Гошу Д. увидел издалека. И, естественно, рядом с пивным ларьком. Д. подошёл к ларьку. Гоша, как всегда, клянчил пиво. Увлечённый этим важным делом, он не замечал Д.

– Ах, мужики, – говорил Гоша с чувством, – ежели бы у меня водились гроши, я бы всех вас, чудил, каждый день пивом поил! А вы, засранцы, на донышке не хотите оставить! Мне, человеку немолодому и заслуженному, человеку нелёгкой, можно сказать, трагической судьбы, мне, человеку бедному и одинокому, не желаете оставить несколько капель этого паршивого мутного пива! Был бы я побогаче, был бы у меня кошелёк потолще, были бы у меня карманы не дырявые, такую ослиную мочу я ни за что бы и пробовать не стал! Пил бы я «Московское» или «Двойное золотое», или чешское – «Праздрой» там какой-нибудь или «Сенатор». «Сенатор», мужики, скажу я вам, это действительно стоящий напиток, падлой буду! Были бы у меня деньжата, я бы вас, жадюги, одним «Сенатором» поил! Вот ей-богу, не брешу! Хошь три бутылки, хошь пять! Пей! Наслаждайся! Наливайся до ушей, до маковки! И помни меня, Гошу Мятого, человека широкой русской души! Да нету у меня, братцы, ни гривенника погнутого! Падлой буду, нет! И вы должны осознать мои крайне бедственные финансовые обстоятельства. Должны понять, посочувствовать, проявить гуманность и помочь. Разве я не человек, мужики? Взгляните на меня – разве я не человек? Взгляните внимательно – я такой же, как вы! Как и у вас, у меня есть голова с ушами. Руки-ноги у меня тоже есть. И задница, между прочим, у меня тоже имеется. Да ё-моё, мужики! Вы что, не видите? Я такой, как вы, мужик! И так же, как вы, я пива хочу! Хрен с ним, пусть оно мутное! Я и мутного хочу! Да неужто нет у вас души! Да неужто же сердце вы где-то посеяли? Да неужто нет у вас жалости к брату-человеку? Все же мы братья, все люди-человеки! Все любим пивца глотнуть!

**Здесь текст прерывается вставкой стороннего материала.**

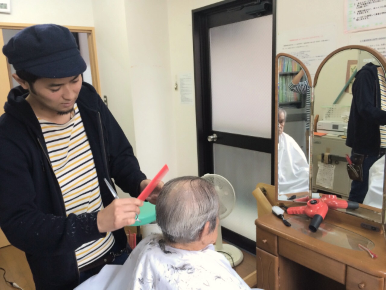 最初は車椅子の方のカットや、まっすぐな姿勢の辛いお年寄りのカットに戸惑いましたが、最近はだいぶ僕もお年寄りの方々も慣れてくれて楽しくやってます。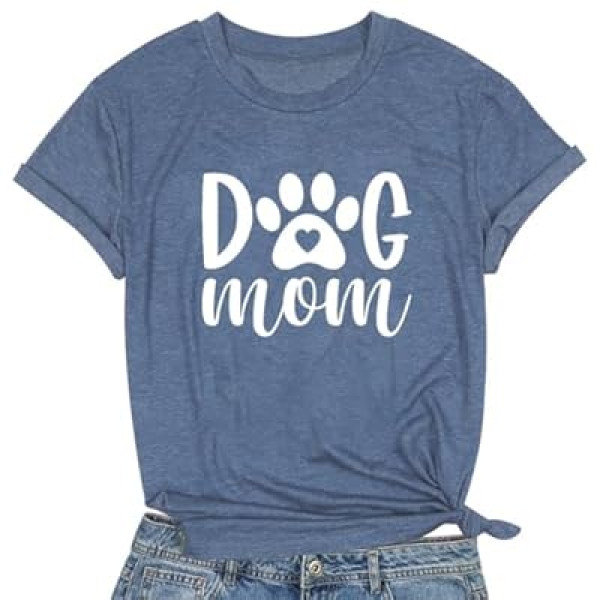 Dog Mom Tshirts Women Dog Paw Printed Mom Shirt Casual Short Sleeve Tee Tops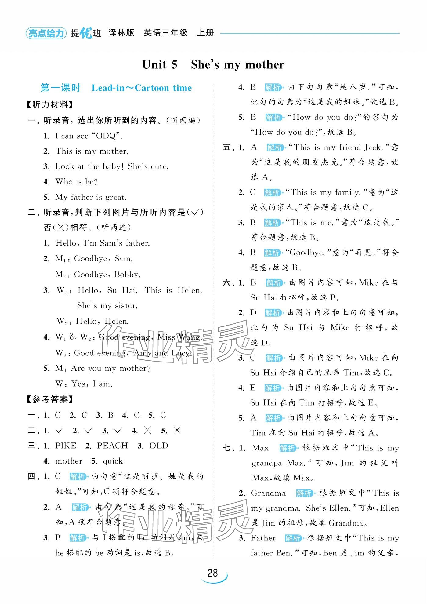 注:目前有些书本章节名称可能整理的还不是很完善,但都是按照顺序排列的,请同学们按照顺序仔细查找。练习册 2024年亮点给力提优班三年级英语上册译林版 答案主要是用来给同学们做完题方便对答案用的,请勿直接抄袭。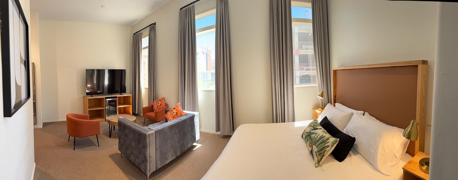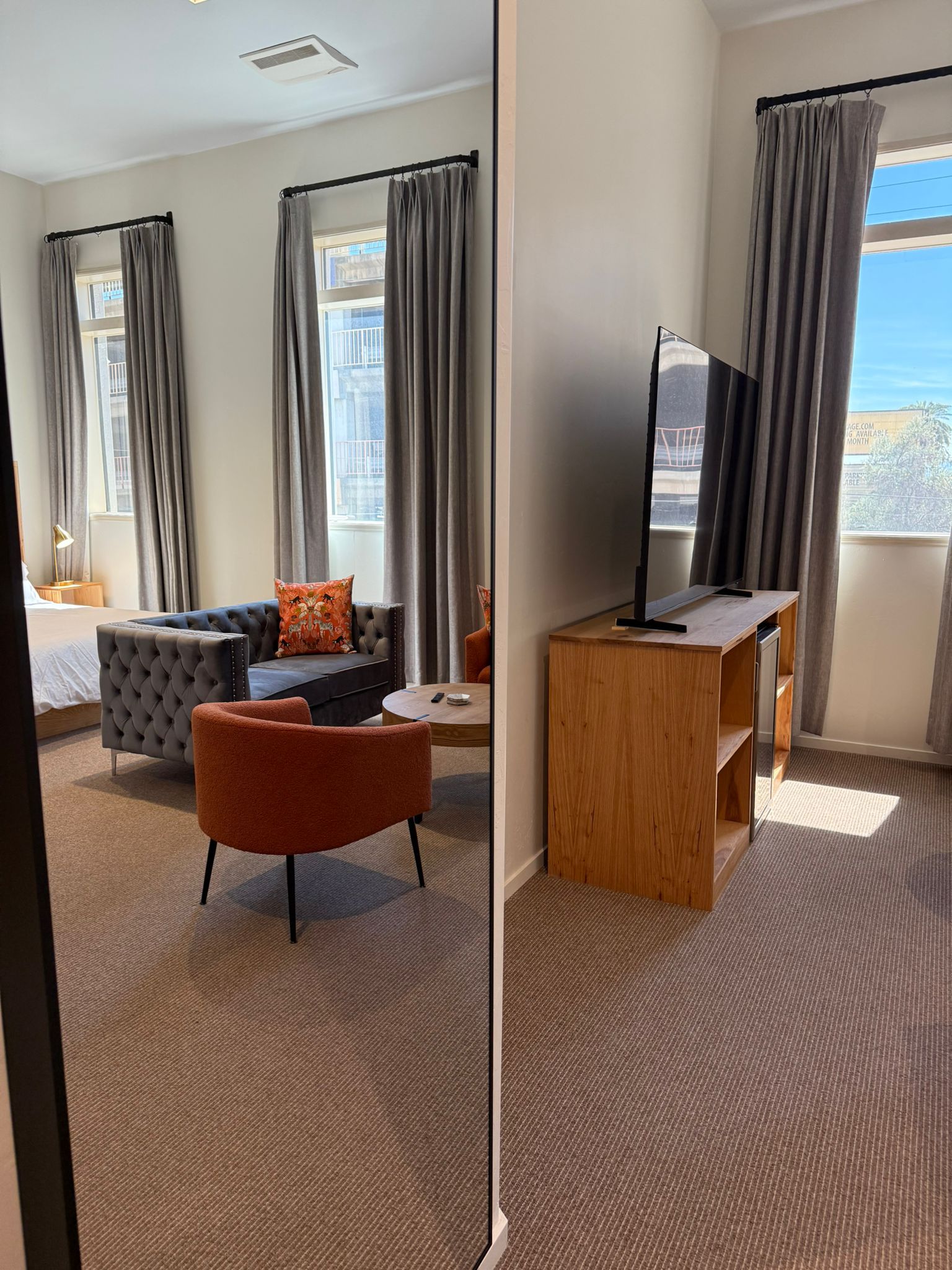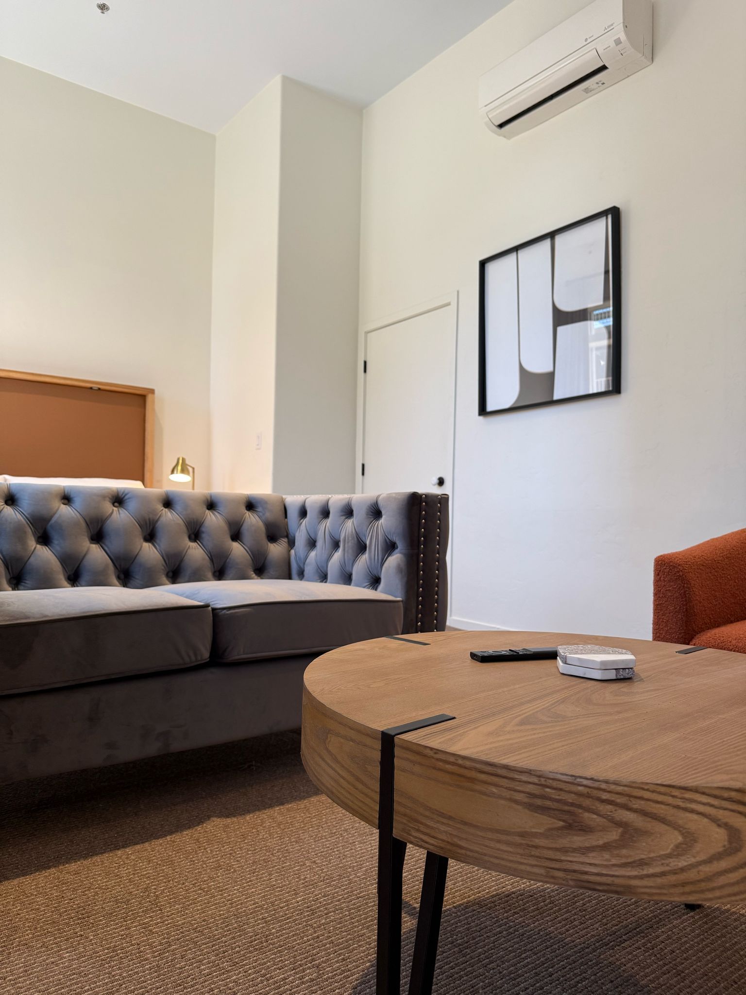 The top floor suites do require you climb one flight of stairs as our historic building's elevator stops one floor down. Indulge in the spacious luxury and unique charm of our king suites, where comfort meets sophistication. Enhance your productivity in our luxurious boutique hotel, where every room is thoughtfully equipped with a desk and complimentary high-speed Wi-Fi. Whether you prefer working in the privacy of your suite or in the vibrant atmosphere of our lobby, bar, or common areas, you'll find the perfect spot to get work done seamlessly.

Д. положил руку Гоше на плечо. Тот вздрогнул и испуганно обернулся.

– Хорошо говоришь, Гоша! Прямо как артист, как мастер художественного слова! Прямо как заслуженный, народный артист! Жаль, что нет со мною магнитофона, записал бы и слушал дома каждый вечер перед сном. Молодец, Гоша. А теперь отдохни немного. Кружку свою ты получишь.

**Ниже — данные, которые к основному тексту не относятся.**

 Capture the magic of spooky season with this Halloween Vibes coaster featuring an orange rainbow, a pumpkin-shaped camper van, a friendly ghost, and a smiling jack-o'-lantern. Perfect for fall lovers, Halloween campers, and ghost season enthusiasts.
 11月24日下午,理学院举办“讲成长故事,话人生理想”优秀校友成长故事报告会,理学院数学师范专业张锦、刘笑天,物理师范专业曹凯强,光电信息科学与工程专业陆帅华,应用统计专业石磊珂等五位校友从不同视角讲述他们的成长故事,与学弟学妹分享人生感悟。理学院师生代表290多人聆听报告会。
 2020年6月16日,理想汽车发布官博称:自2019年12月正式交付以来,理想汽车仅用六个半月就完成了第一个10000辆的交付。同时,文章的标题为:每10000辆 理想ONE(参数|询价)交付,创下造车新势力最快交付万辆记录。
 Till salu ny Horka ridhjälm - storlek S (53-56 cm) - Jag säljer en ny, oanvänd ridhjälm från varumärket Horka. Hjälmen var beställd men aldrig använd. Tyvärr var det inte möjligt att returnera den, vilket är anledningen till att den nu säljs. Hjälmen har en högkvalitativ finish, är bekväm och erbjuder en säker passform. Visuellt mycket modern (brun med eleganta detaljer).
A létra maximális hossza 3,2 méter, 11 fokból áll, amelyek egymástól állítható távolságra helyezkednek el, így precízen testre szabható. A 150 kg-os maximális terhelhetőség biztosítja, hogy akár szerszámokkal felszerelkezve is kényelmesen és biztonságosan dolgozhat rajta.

– Это ты! – воскликнул Гоша, заулыбавшись радостно. – Это ты, Д., ё-моё! Где ты ошивался? Вот уж неделю жду тебя у ларька, а тебя всё нет и нет! Подумал, уж не случилось ли чего. Навестил бы, да адреса не знаю. Молоток ты, Д., что всё же объявился! Соскучился я по тебе! Падлой буду, соскучился!

Гоша пил пиво, как всегда, с жадностью. Дрожащие пальцы его впились в кружку. Стекло стучало о Гошины зубы. Выпив пиво одним духом, Гоша крякнул, зажмурился, замер. Лицо его выражало неземное блаженство.

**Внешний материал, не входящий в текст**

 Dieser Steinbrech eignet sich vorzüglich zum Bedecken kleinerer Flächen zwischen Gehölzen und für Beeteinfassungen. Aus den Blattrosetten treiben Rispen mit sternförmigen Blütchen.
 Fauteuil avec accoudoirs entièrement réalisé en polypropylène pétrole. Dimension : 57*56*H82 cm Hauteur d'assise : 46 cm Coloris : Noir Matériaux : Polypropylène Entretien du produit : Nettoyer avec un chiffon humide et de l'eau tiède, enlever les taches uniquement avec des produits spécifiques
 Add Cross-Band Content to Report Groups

– Ещё бы одну! – попросил он.

Д. взял ему вторую кружку. Опустошив её, Гоша произнёс:

– Вот теперь в самый раз! Вот теперь жить можно! Слушай, Д., пойдём ко мне! Гостем будешь! Посидим, полялякаем. Давно не беседовал с интеллигентными людьми. Выставил бы я тебе полбанки, да сам знаешь, какие у меня червонцы. А чай найдётся. Даже пряники у меня есть ванильные. Четыре штуки. Два тебе, два мне – нам хватит.

Д. подумал: «Рыбы у меня не кормлены с утра. Ну да ладно, потерпят ещё часика два. Ничего с ними не случится».

По дороге к Гошиному дому зашли в гастроном. Д. купил пол-литра «Московской», триста граммов докторской колбасы и банку сельди иваси в собственном соку.

– А ты, я вижу, миллионер! – сказал Гоша, нежно прижимая к груди бутылку. – Хорошо, что ты, кореш, не жадный. Жадные все суки, все падлы. Из-за полкружки пива удавятся.

В Гошиной комнате всё оставалось на своих местах. Ничего в ней не прибавилось и не убавилось. Пожалуй, только бутылок под столом стало поменьше.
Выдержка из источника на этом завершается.